Dataset entries
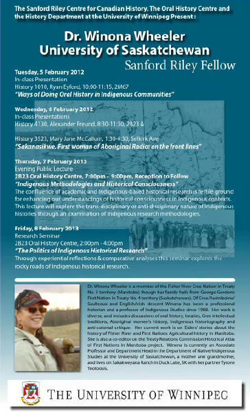 Sanford Riley Fellow, University of Winnipeg, February 2012
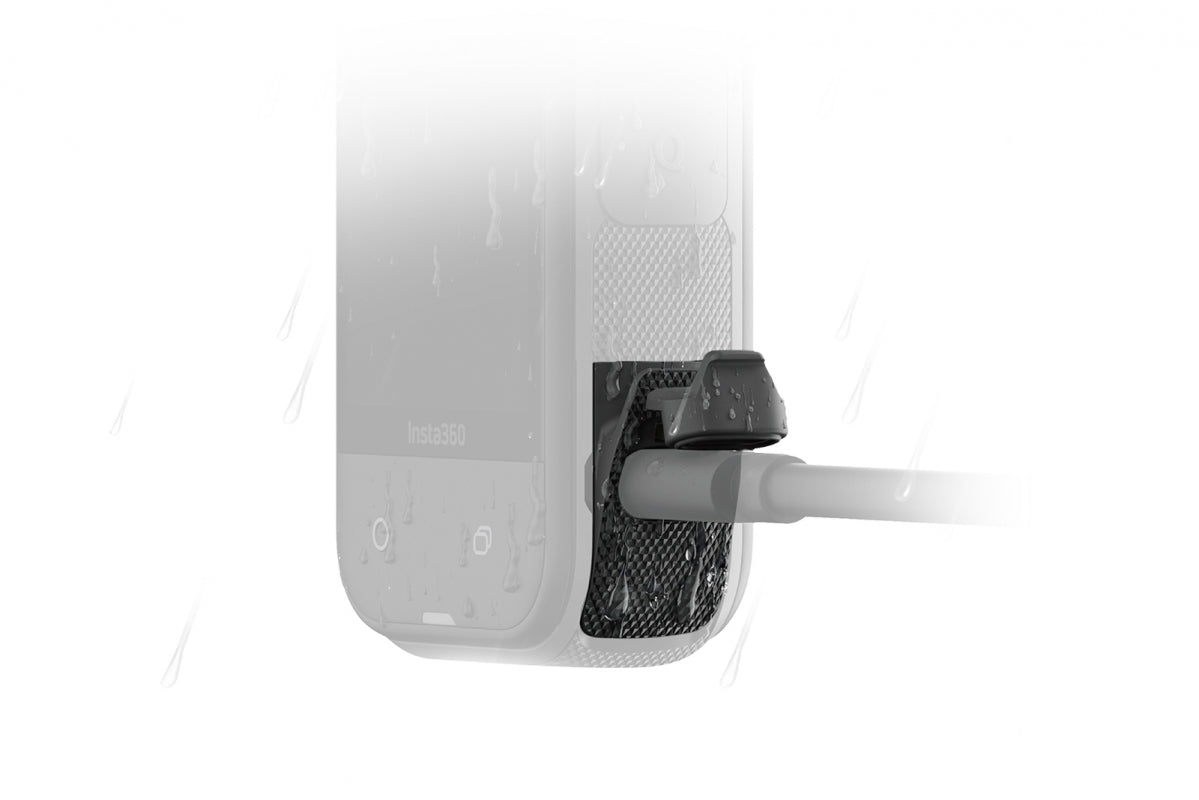 Insta360 X5 All-Weather krytka USB portu umožňuje díky certifikaci IPX4 nabíjení kamery i za deště nebo sněžení, čímž zajišťuje ochranu proti stříkající vodě.
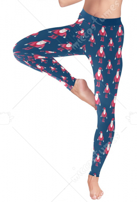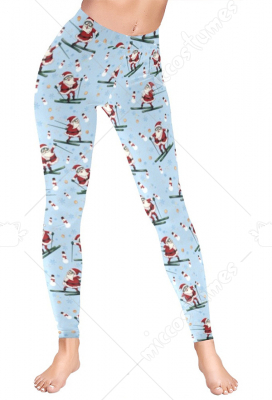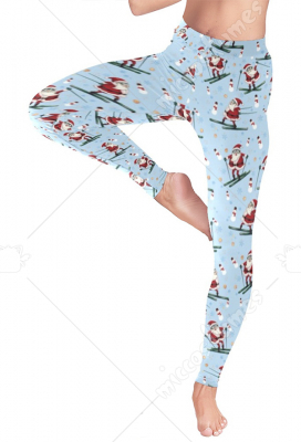 Christmas Women Adults Cartoon Sledding Santa Claus Pattern Print High Waist Yoga Leggings Workout Running Pants Sportswear
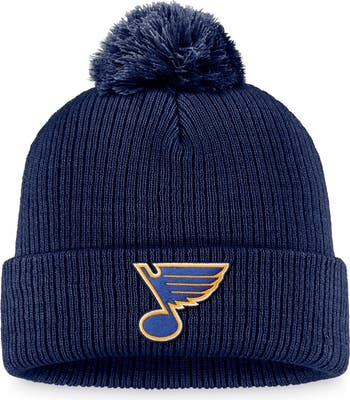 Keep your head warm and your St. Louis Blues fandom top of mind anytime you sport this Core Primary Logo cuffed knit hat with pom from Fanatics Branded. This vibrant lid features a fun pom on top and a bold St. Louis Blues logo embroidered on the cuff. Pair this knit hat with your favorite hoodie or jacket to enjoy a full-fledged look that leaves no doubt who you're rooting for on game day.
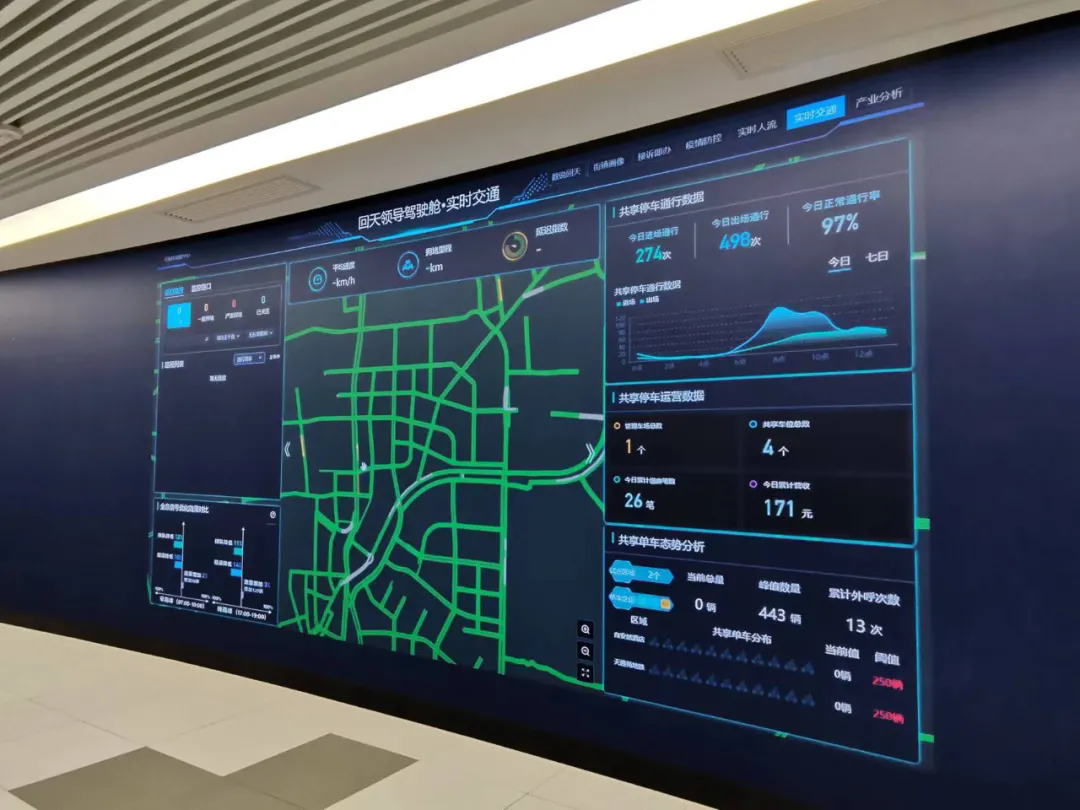 在回天城市会客厅的大屏幕上,基层治理、交通出行、社区管理等多个数据场景交织在一起,实现“一屏揽全局”的整体态势感知,形成“大屏观态势、中屏统调度、小屏优处置”的多端联动应用体系。
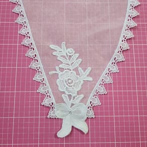 Dimensão: Aprox. 80 cm x 30 cm (podendo variar conforme a largura da renda)

Action item:
Reproduce, with no pictures, the lines from the one containing "Keep your head" to the end of the records above, exactly and inclusively.

Answer section:
 Keep your head warm and your St. Louis Blues fandom top of mind anytime you sport this Core Primary Logo cuffed knit hat with pom from Fanatics Branded. This vibrant lid features a fun pom on top and a bold St. Louis Blues logo embroidered on the cuff. Pair this knit hat with your favorite hoodie or jacket to enjoy a full-fledged look that leaves no doubt who you're rooting for on game day.
 在回天城市会客厅的大屏幕上,基层治理、交通出行、社区管理等多个数据场景交织在一起,实现“一屏揽全局”的整体态势感知,形成“大屏观态势、中屏统调度、小屏优处置”的多端联动应用体系。
 Dimensão: Aprox. 80 cm x 30 cm (podendo variar conforme a largura da renda)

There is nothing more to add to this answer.